SegFormer 项目排坑记录
- 任务
- 记录
- 创建conda环境
- 准备数据库和预训练参数
- 程序配置修改
- 测试
- 可视化
- 训练
任务
需要复现SegFormer分割项目,似乎还有点麻烦,参考这几个进行复现,记录下过程:
SegFormer
mmsegmentation
CSDN博客
知乎博客
记录
创建conda环境
SegFormer的readme说:
For install and data preparation, please refer to the guidelines in MMSegmentation v0.13.0.
看来要先按照mmsegmentation创建环境。
按照mmsegmentation的readme执行:
conda create -n SEGFORMER python=3.7 -y
conda activate SEGFORMER
pip3 install empy==3.3.4 rospkg pyyaml catkin_pkg
mmsegmentation要求装torch1.6.0,配套cuda10.1.这可不行,我3070显卡只能用11.0以上的cuda。查看pytorch官网,没有torch1.6.0配套11cuda的。但我发现知乎那个博客他用的是Pytorch 1.10.0,这个查一下就有cuda11了。CSDN那个用的torch1.7.0,配合cuda11。我决定用1.7.0的:
conda install pytorch==1.7.0 torchvision==0.8.0 torchaudio==0.7.0 cudatoolkit=11.0 -c pytorch -y
pip3 install mmcv-full -f https://download.openmmlab.com/mmcv/dist/cu110/torch1.7.0/index.html
你要问我为啥选这个版本?因为官网的建议是这样的:mmcv。当并不是full版本,我觉得还是用full版本保险。CSDN上那个是full版本,但不是2.0的,而且那个命令我跑不通。然后我发现官网的whl可以找到:whl,于是我就修改了官网的指令。
有个报错,但小问题:
ERROR: pip's dependency resolver does not currently take into account all the packages that are installed. This behaviour is the source of the following dependency conflicts.
torch 1.7.0 requires dataclasses, which is not installed.
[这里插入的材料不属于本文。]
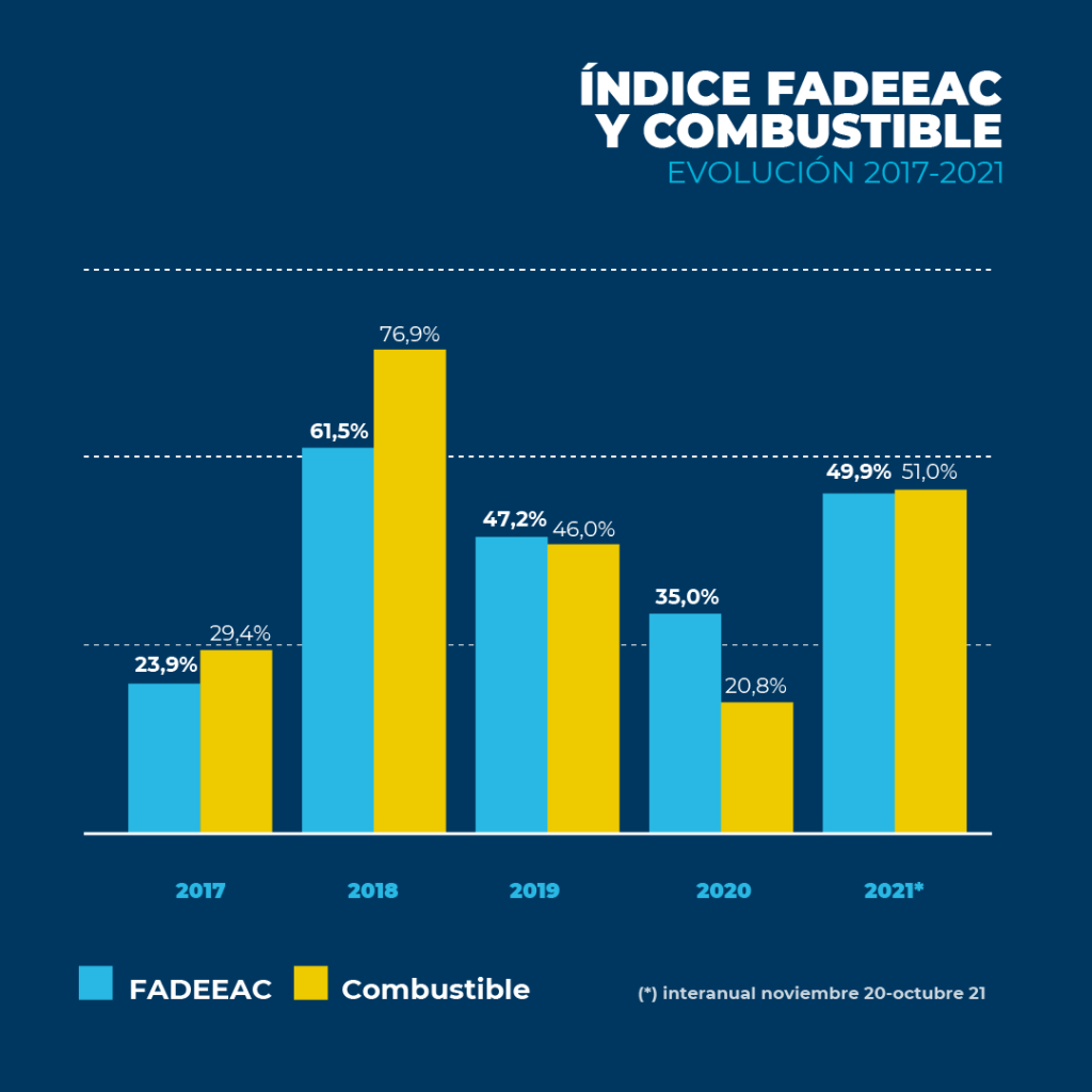 El Índice de Costos de Transporte elaborado por FADEEAC (Federación Argentina de Entidades Empresarias del Autotransporte de Cargas) exhibió en octubre de 2021 un incremento moderado de 2,1%, luego del aumento más alto del año en julio (6,32%).

torch 1.7.0 requires future, which is not installed.
执行:
pip3 install dataclasses future
最后我装上的是1.7.2的:
Successfully installed addict-2.4.0 importlib-metadata-6.7.0 mmcv-full-1.7.2 opencv-python-4.9.0.80 packaging-24.0 platformdirs-4.0.0 tomli-2.0.1 typing-extensions-4.7.1 yapf-0.40.2 zipp-3.15.0
然后MMSegmentation这边好像没有要安装的了。除了git之后进行
pip install -e .
我觉得SegFormer的仓库应该包含了MMSegmentation,所以我打算开始git:
git clone https://github.com/NVlabs/SegFormer.git
cd SegFormer/
pip3 install -e .
然后看SegFormer的readme要安装:
pip install torchvision==0.8.2
pip install timm==0.3.2
pip install mmcv-full==1.2.7
pip install opencv-python==4.5.1.48
cd SegFormer && pip install -e . --user
但好多我已经有了,检查下:
pip3 show torchvision timm mmcv-full opencv-python
结果:
WARNING: Package(s) not found: timm
Name: torchvision
Version: 0.8.0
Summary: image and video datasets and models for torch deep learning
Home-page: https://github.com/pytorch/vision
Author: PyTorch Core Team
Author-email: soumith@pytorch.org
License: BSD
Location: /home/lcy-magic/anaconda3/envs/SEGFORMER/lib/python3.7/site-packages
Requires: numpy, pillow, torch
Required-by:
---
Name: mmcv-full
Version: 1.7.2
Summary: OpenMMLab Computer Vision Foundation
Home-page: https://github.com/open-mmlab/mmcv
Author: MMCV Contributors
Author-email: openmmlab@gmail.com
License:
Location: /home/lcy-magic/anaconda3/envs/SEGFORMER/lib/python3.7/site-packages
Requires: addict, numpy, opencv-python, packaging, Pillow, pyyaml, yapf
Required-by:
---
Name: opencv-python
Version: 4.9.0.80
Summary: Wrapper package for OpenCV python bindings.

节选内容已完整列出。